#### [Records for processing]
- Opening Delimiter -

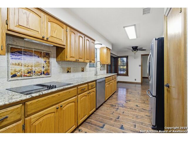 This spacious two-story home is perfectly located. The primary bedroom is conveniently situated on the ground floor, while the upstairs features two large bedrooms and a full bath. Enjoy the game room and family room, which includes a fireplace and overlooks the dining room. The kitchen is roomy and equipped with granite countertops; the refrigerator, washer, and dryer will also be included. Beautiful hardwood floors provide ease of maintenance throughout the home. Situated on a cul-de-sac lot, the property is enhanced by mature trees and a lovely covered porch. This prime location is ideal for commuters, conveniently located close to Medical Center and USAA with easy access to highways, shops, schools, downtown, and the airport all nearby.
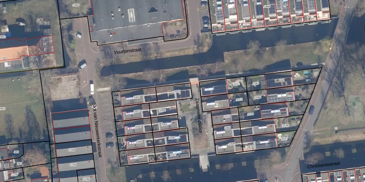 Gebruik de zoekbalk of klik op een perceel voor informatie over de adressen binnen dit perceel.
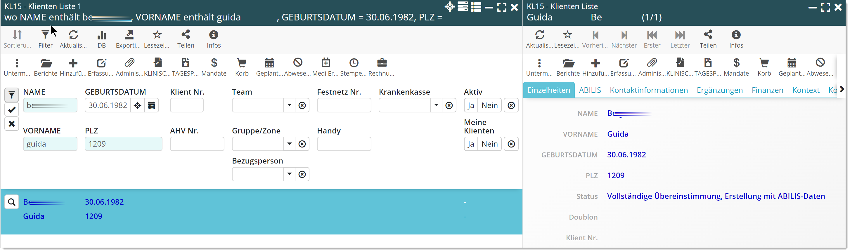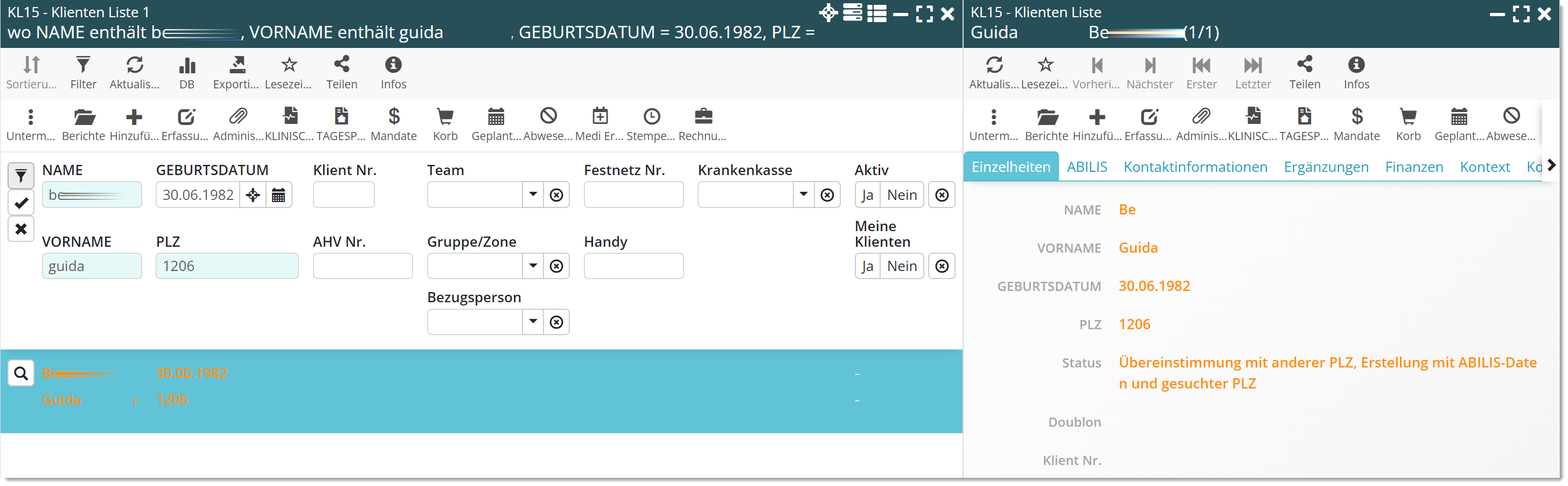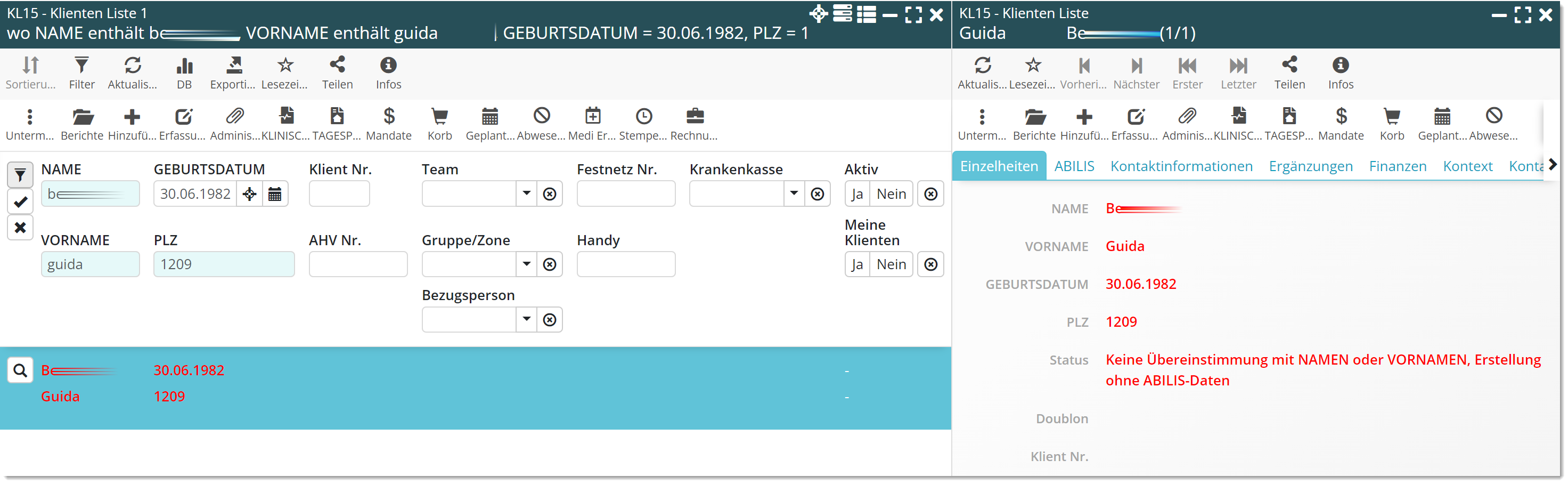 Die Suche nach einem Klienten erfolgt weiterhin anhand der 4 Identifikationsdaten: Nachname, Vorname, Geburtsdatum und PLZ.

- Closing Delimiter -
- Opening Delimiter -

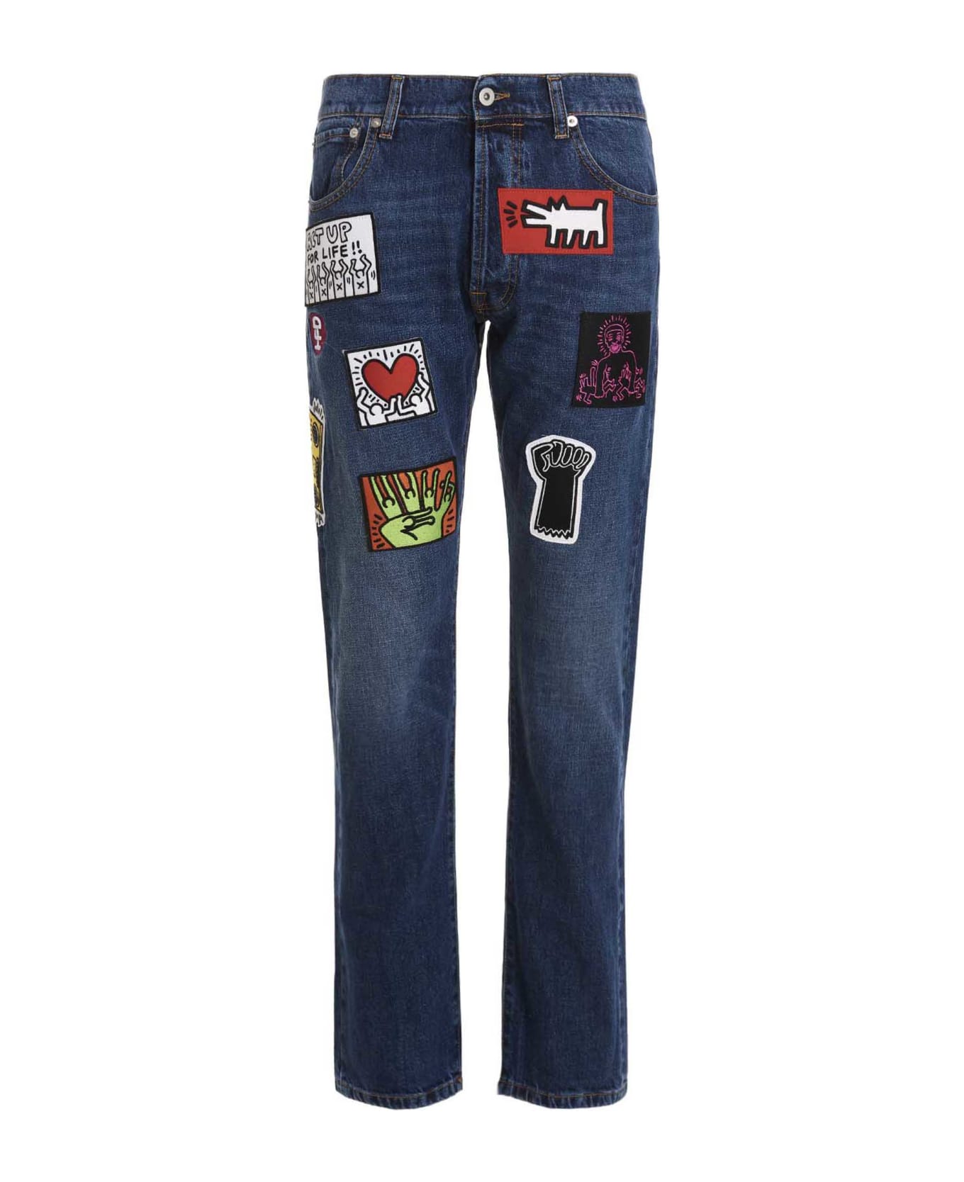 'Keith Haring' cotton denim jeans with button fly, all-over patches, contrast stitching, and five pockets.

- Closing Delimiter -

#### [Required action]
Between and including the line with "This spacious two-story" and the line with "Die Suche nach", repeat every line exactly as it appears above, with pictures left out.

#### [Answer section]
 This spacious two-story home is perfectly located. The primary bedroom is conveniently situated on the ground floor, while the upstairs features two large bedrooms and a full bath. Enjoy the game room and family room, which includes a fireplace and overlooks the dining room. The kitchen is roomy and equipped with granite countertops; the refrigerator, washer, and dryer will also be included. Beautiful hardwood floors provide ease of maintenance throughout the home. Situated on a cul-de-sac lot, the property is enhanced by mature trees and a lovely covered porch. This prime location is ideal for commuters, conveniently located close to Medical Center and USAA with easy access to highways, shops, schools, downtown, and the airport all nearby.
 Gebruik de zoekbalk of klik op een perceel voor informatie over de adressen binnen dit perceel.
 Die Suche nach einem Klienten erfolgt weiterhin anhand der 4 Identifikationsdaten: Nachname, Vorname, Geburtsdatum und PLZ.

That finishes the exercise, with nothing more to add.